When banks are willing to approve short sales, homes are selling for about $150 per square foot, he said, compared with $199 a square foot for nondistressed homes. With banks working to clear property off of their books, REOs are going for $130 a square foot, Mathis said.
"I think we have to change our mindset," Mathis said. "People coming to you looking for preforeclosures aren’t necessarily looking for preforeclosures — what they are looking for is a house. They want a deal … and they understand foreclosures are where the deals are."
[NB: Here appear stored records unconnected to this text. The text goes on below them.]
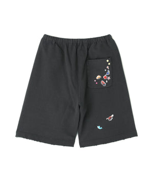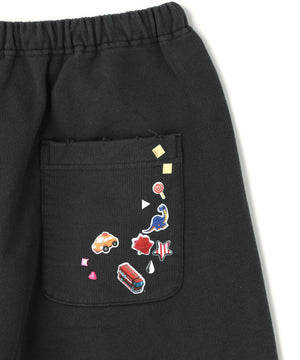 幼い子供がいたずらにシールを貼ったイメージでデザインされたスウェットショーツ。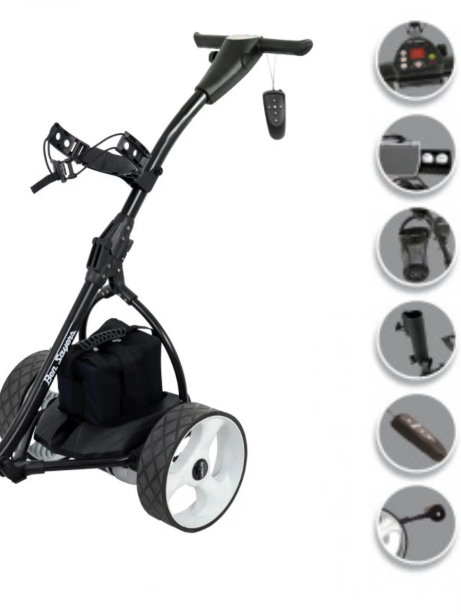 Features a 200W motor which will tackle even the steepest of slopes. This motor is powered by a 12V/36AH lead-acid battery, which allows for 36 holes to be played without charging.
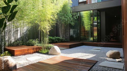 © Sampao, Fototapeta premium Bamboo garden with a serene atmosphere, wooden pathways, and stone accents.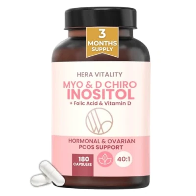 3 Month Supply Inositol Supplement for Women (180 Capsules) Myo & D Chiro 40:1 with Folic Acid Vitamin PCOS, Hormone Balance, Fertility Ovulation Support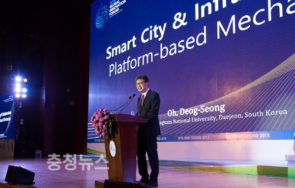 충남대 오덕성 총장은 지난 11일, 베트남 빈증성 빈증(Binh Doung) 컨벤션센터에서 개최된 ‘제20차 WTA 총회 및 UNESCO 세계혁신포럼’의 개회식 직후 ‘스마트시티와 사회기반시설 : 플랫홈 기반 매커니즘’을 주제로 기조 강연을 펼쳤다.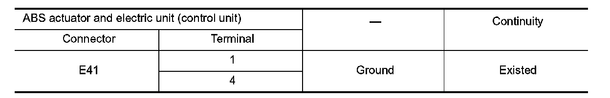 Check the continuity between ABS actuator and electric unit (control unit) harness connector and ground.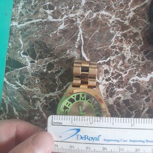 Gold with a see through glass, 6" wrist size, needs battery no box or extra links.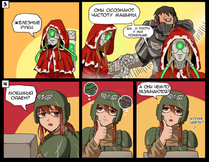 Этот орден утверждает, что плоть слаба и поэтому космодесантники заменяют органику механическими частями. Но так ли это? Есть примеры из книг или других источников, где действительно показано, что воин с механикой из железных рук сражается эффективнее, чем космодесантник другого ордена?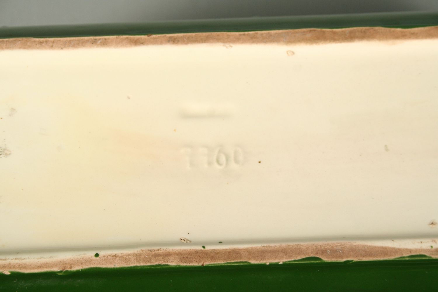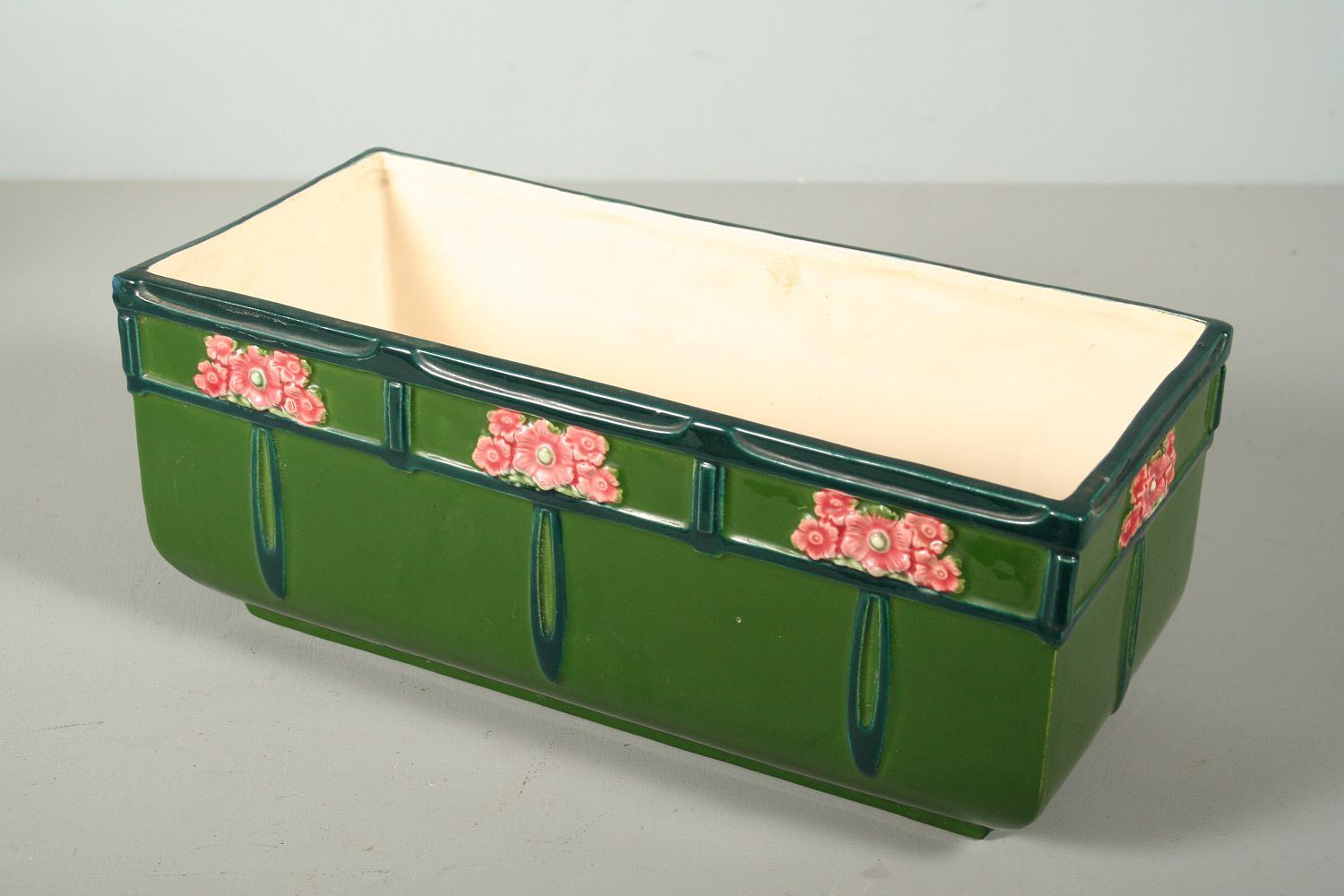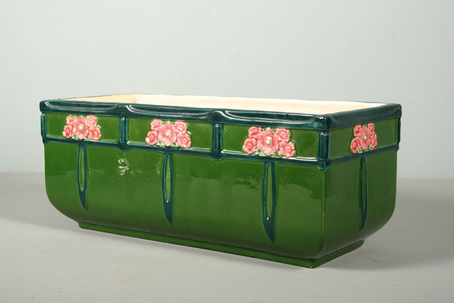 secesní keramický květináč obdelníkového tvaru na stranách s barevným dekorem květin a secesních ornamentů, na dně značený Eichwald, tlačené číslo 7760, 14 x 15 x 33 cm

But Chris Matty, chief marketing officer for Depot Point, agreed with McGee that there are plenty of opportunities for buyers and agents who get involved before banks repossess a home.
"The preforeclosure is really the prime time," Matty said. "Lenders are having a difficult (time) handling those."
Depot Point’s ForeclosurePoint.com is a service that offers investors and Realtors tools for tracking properties through the foreclosure process in real time. It’s important to have the latest information on a property, Matty said, because about 80 percent of scheduled auctions are postponed and bids often come in lower than expected.
Sharga said RealtyTrac has its own team of field abstractors gathering information at the county level, and that data is checked against title company records nightly.
Properties that are sold at some stage in the default process are now priced at 31 percent less than what an automated valuation model would predict, compared with a 27 percent discount last year. That suggests that if the asking price of a property is 40 percent less than it last sold for, "That may not be a deep enough discount."
Many agents have been frustrated in their attempts to get banks to see the light when it comes to falling property values. Stories of banks refusing to sign off on short sales, only to sell the homes for less after they are repossessed, have become commonplace.
Reno-based Chase International Real Estate Realtor Leslie Henderson said that while they can be a hassle, short sales can create the relationships you need with lenders to get REO listings.
"I have a lot of bank-owned listings because I do a lot of short sales," she said.
One troubling development she’s seen in short sales is lien holders of second notes demanding payments from sellers. The amount may be only $1,000 or $2,000, she said, but she wondered if there was some law barring second-note holders from making such demands.
As long as the first-note holder agrees to such payments, they are not illegal, Mathis and others said.
"My advice if you want to close the deal is pay it," Mathis said. "It’s called grease."